* _Dataset entries_:
┄┄┄┄┄┄
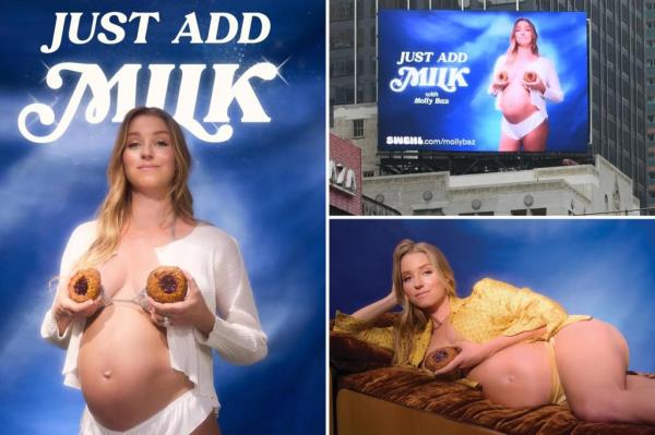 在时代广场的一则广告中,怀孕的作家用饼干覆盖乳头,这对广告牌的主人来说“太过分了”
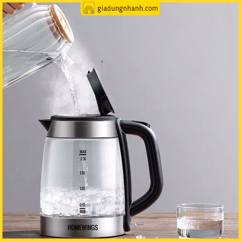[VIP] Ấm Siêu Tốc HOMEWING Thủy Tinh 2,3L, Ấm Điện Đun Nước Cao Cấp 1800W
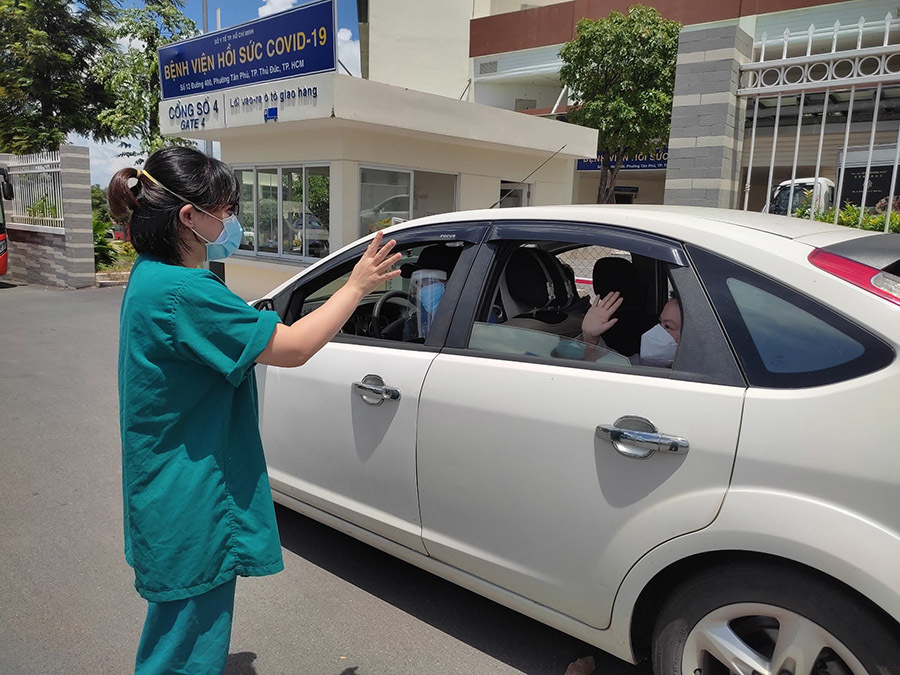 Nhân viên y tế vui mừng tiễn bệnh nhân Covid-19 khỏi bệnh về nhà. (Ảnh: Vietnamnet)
┄┄┄┄┄┄
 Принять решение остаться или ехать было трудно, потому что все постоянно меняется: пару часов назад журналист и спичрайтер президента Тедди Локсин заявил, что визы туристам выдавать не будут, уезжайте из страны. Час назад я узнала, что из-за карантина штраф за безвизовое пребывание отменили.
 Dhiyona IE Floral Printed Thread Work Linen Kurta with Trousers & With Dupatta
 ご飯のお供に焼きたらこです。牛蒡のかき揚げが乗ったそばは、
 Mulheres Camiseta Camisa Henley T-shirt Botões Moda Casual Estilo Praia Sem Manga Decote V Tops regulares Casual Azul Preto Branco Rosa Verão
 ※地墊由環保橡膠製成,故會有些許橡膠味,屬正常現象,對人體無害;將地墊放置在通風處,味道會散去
┄┄┄┄┄┄
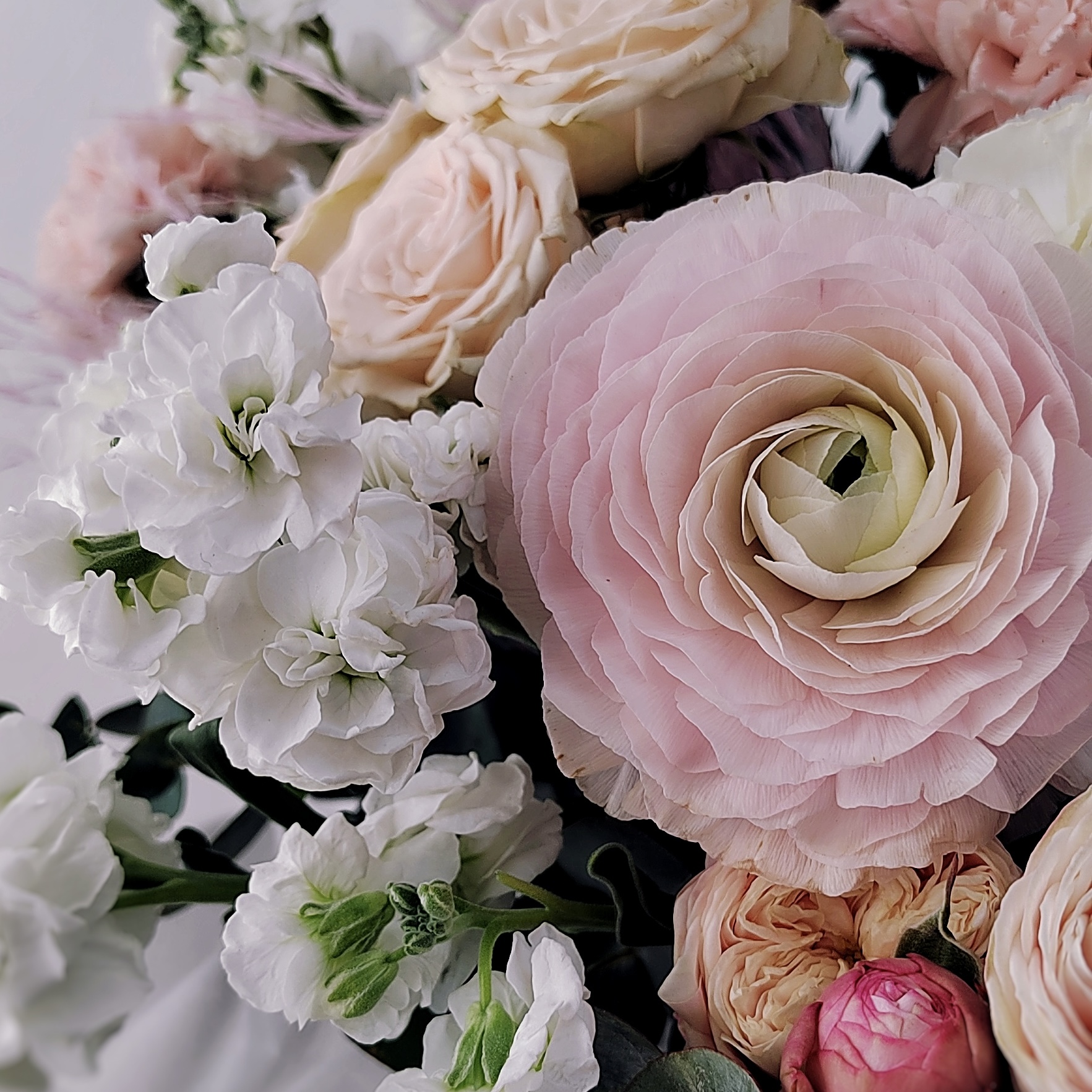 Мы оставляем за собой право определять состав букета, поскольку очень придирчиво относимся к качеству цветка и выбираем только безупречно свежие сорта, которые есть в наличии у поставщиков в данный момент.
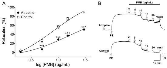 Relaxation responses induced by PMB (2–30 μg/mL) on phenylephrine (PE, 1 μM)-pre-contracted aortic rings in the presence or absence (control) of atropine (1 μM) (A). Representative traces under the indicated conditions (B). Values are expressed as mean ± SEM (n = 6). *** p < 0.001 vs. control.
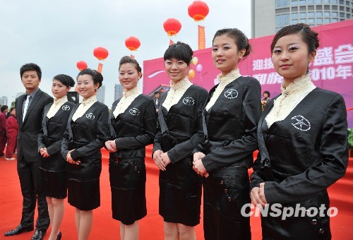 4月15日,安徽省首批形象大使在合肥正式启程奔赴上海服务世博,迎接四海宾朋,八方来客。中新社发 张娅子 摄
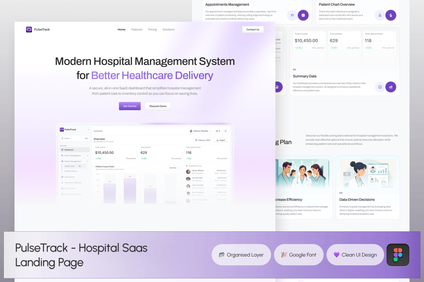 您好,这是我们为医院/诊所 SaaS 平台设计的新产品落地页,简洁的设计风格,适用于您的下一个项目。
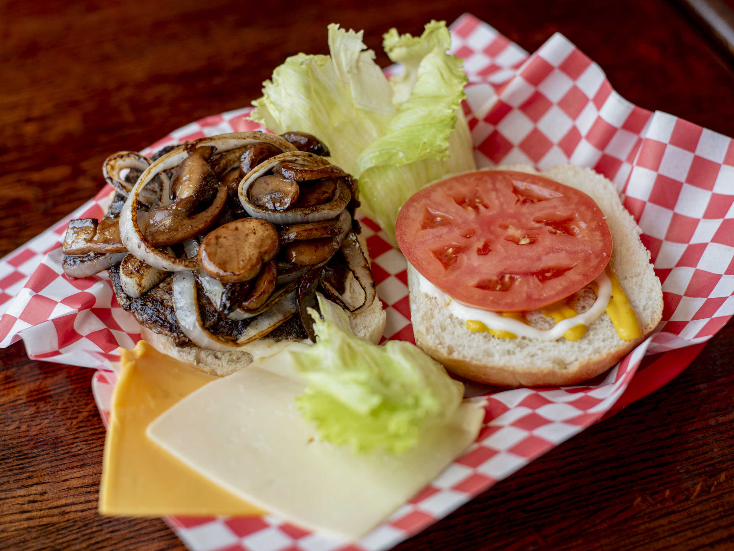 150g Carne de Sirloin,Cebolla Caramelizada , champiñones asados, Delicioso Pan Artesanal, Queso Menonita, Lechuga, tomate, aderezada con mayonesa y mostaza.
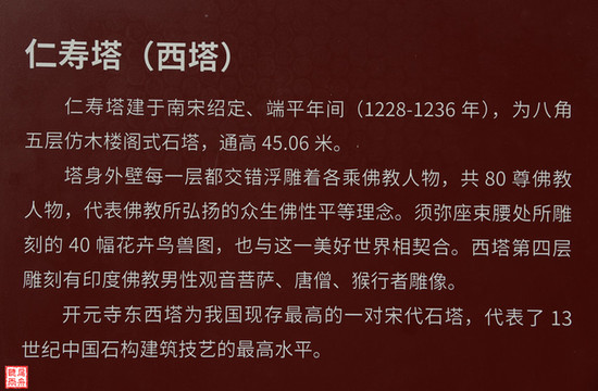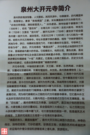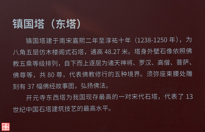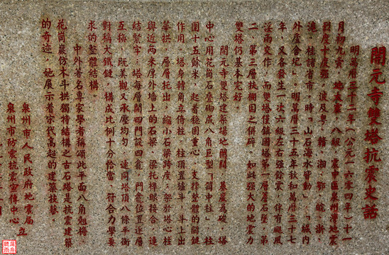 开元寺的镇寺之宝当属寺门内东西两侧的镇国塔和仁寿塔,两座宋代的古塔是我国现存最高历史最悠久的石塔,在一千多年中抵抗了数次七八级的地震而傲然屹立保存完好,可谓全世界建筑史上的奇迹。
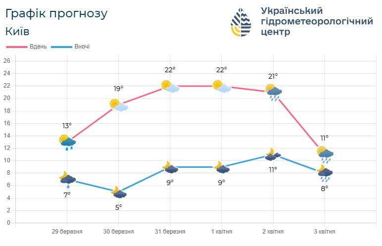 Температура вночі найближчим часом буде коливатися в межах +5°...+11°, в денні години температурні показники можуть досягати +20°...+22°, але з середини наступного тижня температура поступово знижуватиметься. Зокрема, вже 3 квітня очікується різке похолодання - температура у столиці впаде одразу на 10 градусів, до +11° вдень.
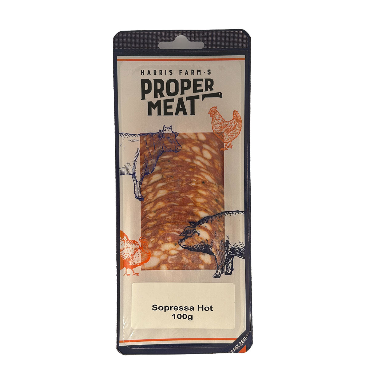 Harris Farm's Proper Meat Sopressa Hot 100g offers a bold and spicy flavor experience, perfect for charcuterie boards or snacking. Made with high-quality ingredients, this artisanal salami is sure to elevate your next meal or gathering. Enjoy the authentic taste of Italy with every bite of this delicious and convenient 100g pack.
┄┄┄┄┄┄
* _The problem_:
Copy exactly the part of the material above that opens with the line containing "开元寺的镇寺之宝当属寺门内东" and closes with the line containing "Harris Farm's Proper", ends included. Drop the images.

* _Written solution_:
 开元寺的镇寺之宝当属寺门内东西两侧的镇国塔和仁寿塔,两座宋代的古塔是我国现存最高历史最悠久的石塔,在一千多年中抵抗了数次七八级的地震而傲然屹立保存完好,可谓全世界建筑史上的奇迹。
 Температура вночі найближчим часом буде коливатися в межах +5°...+11°, в денні години температурні показники можуть досягати +20°...+22°, але з середини наступного тижня температура поступово знижуватиметься. Зокрема, вже 3 квітня очікується різке похолодання - температура у столиці впаде одразу на 10 градусів, до +11° вдень.
 Harris Farm's Proper Meat Sopressa Hot 100g offers a bold and spicy flavor experience, perfect for charcuterie boards or snacking. Made with high-quality ingredients, this artisanal salami is sure to elevate your next meal or gathering. Enjoy the authentic taste of Italy with every bite of this delicious and convenient 100g pack.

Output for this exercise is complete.